[vtkusers] Perspective view of vtkCursor3D

Granseier, Michael (VISUS) granseier at visus.com
Tue Sep 14 06:33:29 EDT 2010


Hi Karthik,

thank you very much for your answer.
Using your suggested widget is much easier than using the vtkCursor3D.
It works fine in my application.

Thanks again and best regards,
Michael


..........................................................
Von: Karthik Krishnan [mailto:karthik.krishnan at kitware.com]
Gesendet: Dienstag, 14. September 2010 11:31
An: Granseier, Michael (VISUS)
Cc: vtkusers at vtk.org
Betreff: Re: [vtkusers] Perspective view of vtkCursor3D


On Mon, Sep 13, 2010 at 8:05 PM, Granseier, Michael (VISUS) <granseier at visus.com<mailto:granseier at visus.com>> wrote:
Dear VTK Users,

I'm trying to mark a three-dimensional point in a volume using the vtkCursor3D class.
My problem is, that the length of the crosshairs' lines stay constant, even if the position of the point is farther away from the camera.
I'm using SetModelBounds to specify the length.

The same problem occurs with a vtkSphereSource. The radius of the source stays the same, no matter how far away it is from the camera.

Is it possible to scale the crosshairs' lines or the sphere radius relative to the camera distance?
So, that the marker-object becomes smaller, the further the specified point is away from the camera and larger, the closer it is?

I presume you mean "becomes larger the further ..."

3D props maintain a fixed physical (world) size, unlike 2D props which maintain a fixed display size.

I'd recommend using the vtkHandleWidget, in conjunction with a vtkPointHandleRepresentation3D. This representation contains a vtkCursor3D and scales it dynamically based on the camera distance, so that it appears to maintain the same normalized display size.

Use the widget with event processing disabled (SetProcessEventsOff()) and its pretty much what you need.

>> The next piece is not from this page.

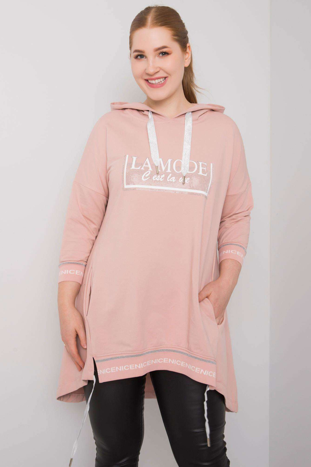 p>Modelis dėvi vieno dydžio dydį. Modelio matmenys: aukštis 175 cm, krūtinė 98 cm, juosmuo 76 cm, klubai 117 cm.

Take a look at its tests in VTK for usage.

-------

Alternatively, to dynamically on your own prop you could write a prop that derives from vtkProp3D and internally contains a vtkCursor3D along with its associated polydatamapper and actor. Then override the method RenderOpaqueGeometry to set your own actor scale.... something to the effect of...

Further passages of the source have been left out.